A Player’s Perspective on Fantasy Baseball

TIME IDEAS

March 27, 2012

by Doug Glanville

Real sports and fantasy sports are now inseparable. And that's not a bad thing.

Baseball season is around the corner. But now, what goes hand in hand with the umpire yelling “play ball” in the first official game that will take place in Japan between Oakland and Seattle on Wednesday is the wave of six million plus fantasy baseball players who spend, on average, three hours per week managing their imaginary teams picked from real players and $175 a year on software, magazines and other research tools.

When I first entered the major leagues in 1996, the Internet was but an infant and fans still came up to me to ask me to sign their Strat-O-Matic cards. The Strat-O-Matic game, which dated back to the early 1960s, consisted of one card for each MLB player and three dice that you rolled to fine the in-game result. It was the precursor to today’s fantasy teams—you could make up any league structure, any game schedule, and play to your hearts content. I used to love Strat-O-Matic when I was a kid and for the first time, it introduced fans to players from all over the country not just their local teams.

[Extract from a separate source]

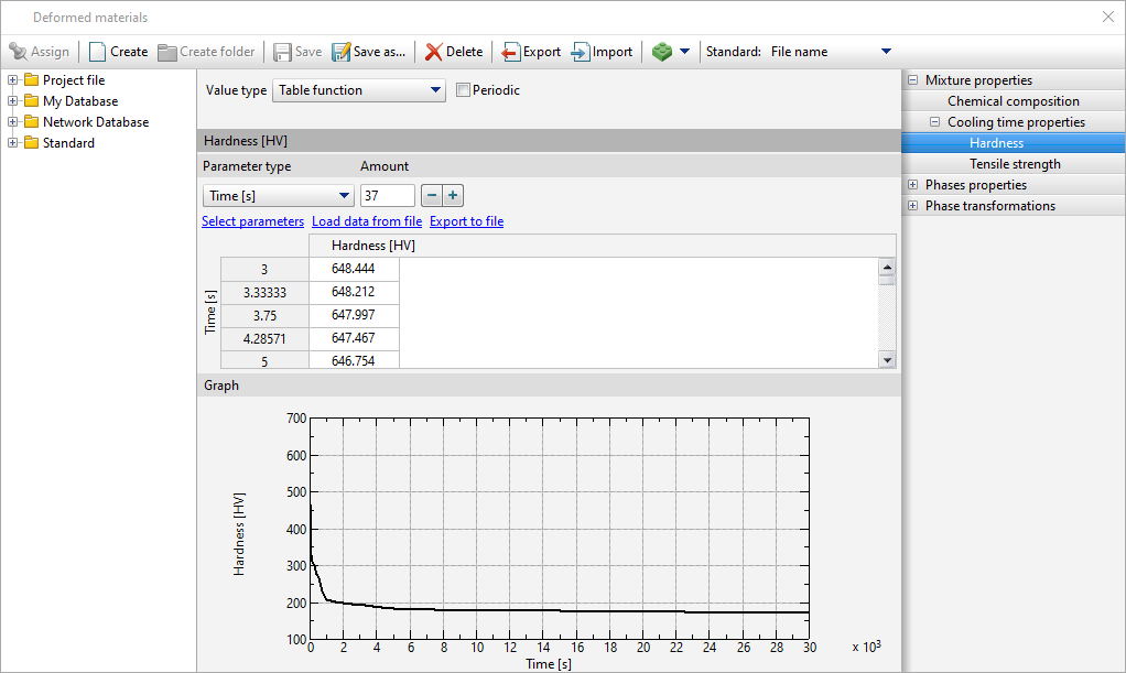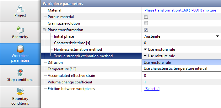 In module Phase transformations, there are two methods for predicting the performance properties of a part after heat treatment: by mixture rule and by characteristic temperature interval. The selection of one method or another is done on the Workpiece parameters tab
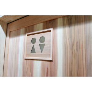 建具の上には、職人さん手づくりの木製トイレマークを。

But by the end of my MLB career in 2004, the Internet was allowing fantasy players from all over the world to compete with one another. When fans came up to me to tell me that I was anchoring their fantasy team, it felt a little odd to be so disconnected from the team I was playing for, and to have that fan’s attention so focused on what I was doing for their virtual team. Having a favorite team to follow was not enough anymore as players were mixed and matched in a smorgesbord of personnel decisions. Eventually I came to believe that fantasy baseball creates a higher level of connection between fan and player, bringing me into their home even during the off season and creating a vibrant and active secondary world.

Although I generally avoided playing in the fantasy realm—it’s too much of a commitment—I do think that fantasy has challenged us in how we evaluate players. ESPN now has two primary fantasy gurus, Matthew Berry and Eric Karabell, who are top flight analysts studying metrics and statistics to the depth of any general manager running a team. As an analyst, now I really do have to know who the back-up shortstop is for the Seattle Mariners is and what he did against left-handed pitching, or what the strengths and weaknesses for the set-up man for the Colorado Rockies may be. Fantasy has made not just fans but commentators significantly more educated about players.

Yes, numbers can take over for the passion for the game or even become its own passion, when it comes to everything from evaluating talent to knowing whether or not someone has broken a record. But by allowing everyone to make decisions about how to run a team, fantasy has enhanced reality.